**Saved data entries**
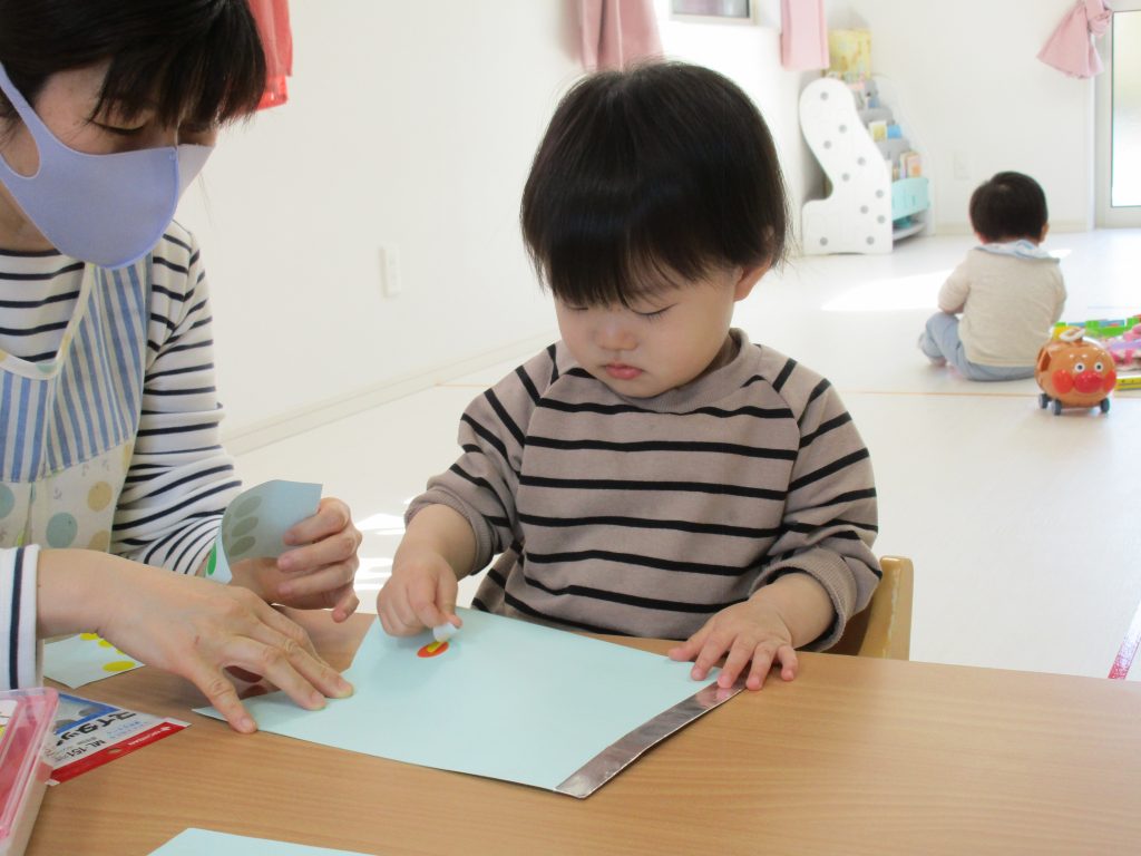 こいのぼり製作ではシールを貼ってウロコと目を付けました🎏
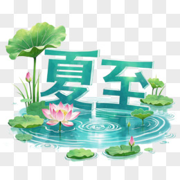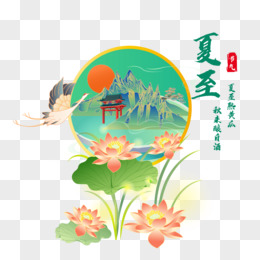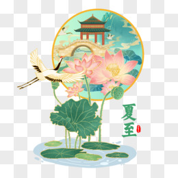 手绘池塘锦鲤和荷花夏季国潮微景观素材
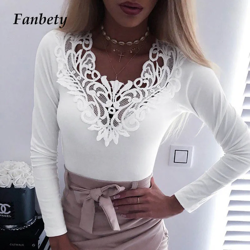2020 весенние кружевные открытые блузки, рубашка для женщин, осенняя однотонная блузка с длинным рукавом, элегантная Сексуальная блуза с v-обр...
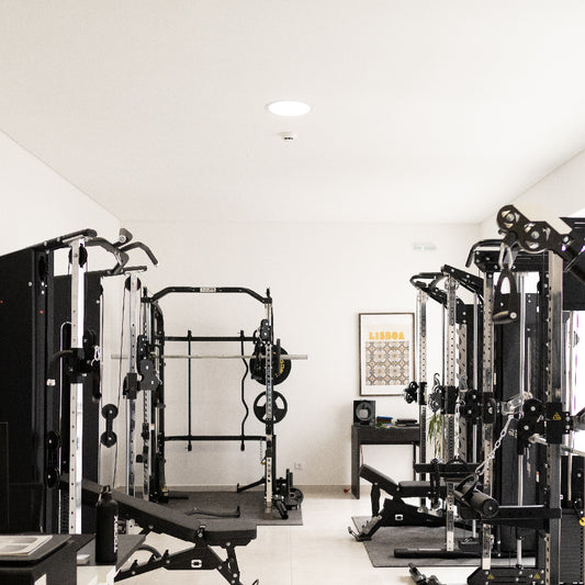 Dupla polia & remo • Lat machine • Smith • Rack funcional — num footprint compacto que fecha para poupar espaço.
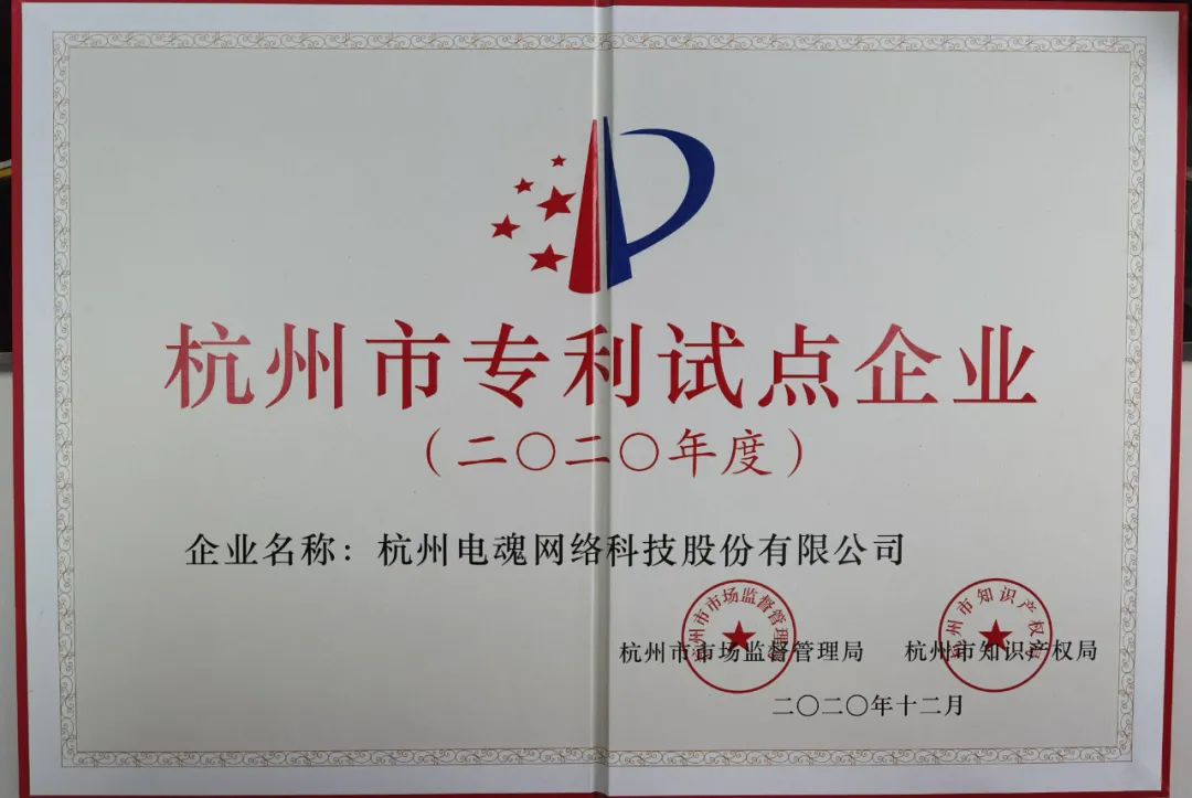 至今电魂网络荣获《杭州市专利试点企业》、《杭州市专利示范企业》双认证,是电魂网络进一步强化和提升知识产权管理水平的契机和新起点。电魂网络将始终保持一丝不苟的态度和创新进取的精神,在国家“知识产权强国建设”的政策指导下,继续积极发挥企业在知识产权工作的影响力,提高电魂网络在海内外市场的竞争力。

**Requirement**
Aside from the pictures, copy all of the entries exactly.

**Exercise result**
 こいのぼり製作ではシールを貼ってウロコと目を付けました🎏
 手绘池塘锦鲤和荷花夏季国潮微景观素材
2020 весенние кружевные открытые блузки, рубашка для женщин, осенняя однотонная блузка с длинным рукавом, элегантная Сексуальная блуза с v-обр...
 Dupla polia & remo • Lat machine • Smith • Rack funcional — num footprint compacto que fecha para poupar espaço.
 至今电魂网络荣获《杭州市专利试点企业》、《杭州市专利示范企业》双认证,是电魂网络进一步强化和提升知识产权管理水平的契机和新起点。电魂网络将始终保持一丝不苟的态度和创新进取的精神,在国家“知识产权强国建设”的政策指导下,继续积极发挥企业在知识产权工作的影响力,提高电魂网络在海内外市场的竞争力。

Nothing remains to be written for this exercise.